Can Erdogan Roll Donald Trump?

Erdogan and Trump carnival floats
Carnival floats depict U.S. President Trump as an elephant and Turkish President Erdogan on a mower cutting plants called “Democracy” and “Press Freedom” on Feb. 21 in preparation for the traditional Rose Monday street parade in Mainz, Germany.

Andreas Arnold/AFP/Getty Images

Turkish President Recep Tayyip Erdogan picked quite the time to visit the White House. His highly anticipated meeting with President Trump comes just one day after the Washington Post reported that Trump had discussed classified information provided by a U.S. ally during a meeting with Russia’s foreign minister last week—a story Trump more or less confirmed on Twitter on Tuesday morning.

The revelation just further underlines what’s been obvious for some time: Trump is far from the cutthroat negotiator he promised to be on the campaign trail, he goes into these meeting with a startling lack of preparation, and his vanity makes him exceptionally easy to manipulate.

Nobody has played this game better than Chinese President Xi Jinping, who met Trump in person for the first time at Mar-a-Lago in April. Since that meeting, Trump has mentioned in nearly every interview how great he got along with Xi and what a wonderful man he is. In return for some pledges to put pressure on North Korea—which have apparently not deterred that country’s missile program—and a deal on beef imports that allowed Trump to claim a Twitter victory lap but did little to address the overall trade imbalance between the two countries, Trump has more or less abandoned the tough anti-Chinese trade rhetoric that defined his campaign. He’s even letting Beijing have its way in the South China Sea. Trump has also more or less adopted a Chinese-centric view of the Korean conflict, shocking South Koreans by saying that Xi had told him the entire peninsula used to be “part of China.”

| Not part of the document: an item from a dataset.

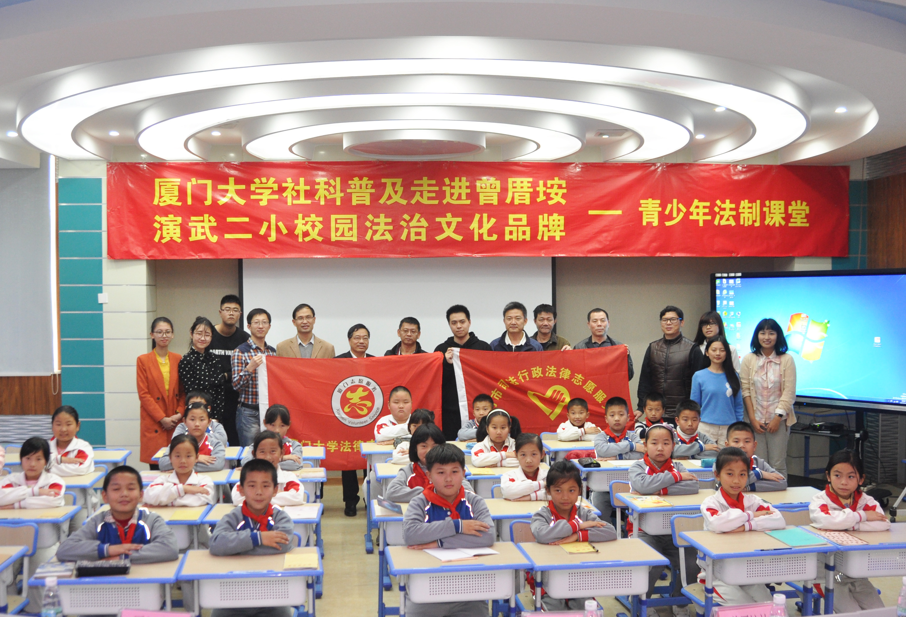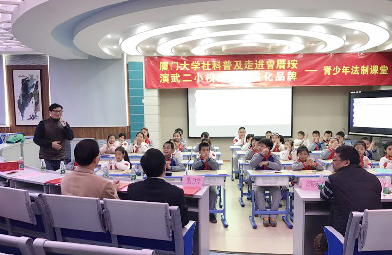 3月13日下午,由校社科处、法学院及厦门市思明区滨海司法所、曾厝垵社区及演武第二小学共同主办的“厦门大学社科普及走进曾厝垵——演武二小青少年法制课堂”开幕仪式在厦门市第二演武小学多媒体教室启动。厦门大学社科处副处长林木顺、法学院党委副书记郭锦星、法学院团委书记高斌、厦门市思明区滨海司法所所长朱毅平、曾厝垵社区党委书记黄清杰、厦门市演武第二小学校长陈国勇等出席仪式。

Few leaders have as much to gain from a good relationship with Trump as Erdogan, who already has a friendly dynamic with the president and comes to Washington with a lengthy wish list. On top of his agenda will be convincing Trump to abandon a plan to arm the Syrian Kurdish militia YPG in the fight against ISIS. (Turkey considers the YPG a terrorist organization linked to the Turkey-based PKK, and has been launching airstrikes against them.) Erdogan would also like the U.S. to extradite the exiled cleric Fethullah Gulen, currently living in Pennsylvania, whom his government blames for last year’s attempted coup. Trump doesn’t actually have the power to do that—Gulen can’t be extradited without a court order—but the administration could get the ball rolling on that process or at least put out signals that it buys the Turkish government’s case against Gulen, which the previous administration viewed with skepticism.

As I discussed in an article Monday, Erdogan may have a card to play with Trump in the form of Andrew Brunson, an American pastor jailed on dubious charges as part of Turkey’s post-coup crackdown. Trump has touted Egyptian President Abdel Fattah el-Sisi’s decision to release an imprisoned U.S. aid worker after Trump asked him to as evidence of their productive partnership. I’m sure Trump would like nothing more than to be able to say he got a similar concession out of Erdogan, though it’s hard to imagine the negotiation will be on Trump’s terms. The lesson Erdogan and other leaders are no doubt taking from Monday’s story, as well as the meetings that proceeded it, is that once you get in a room with Donald Trump, anything can happen.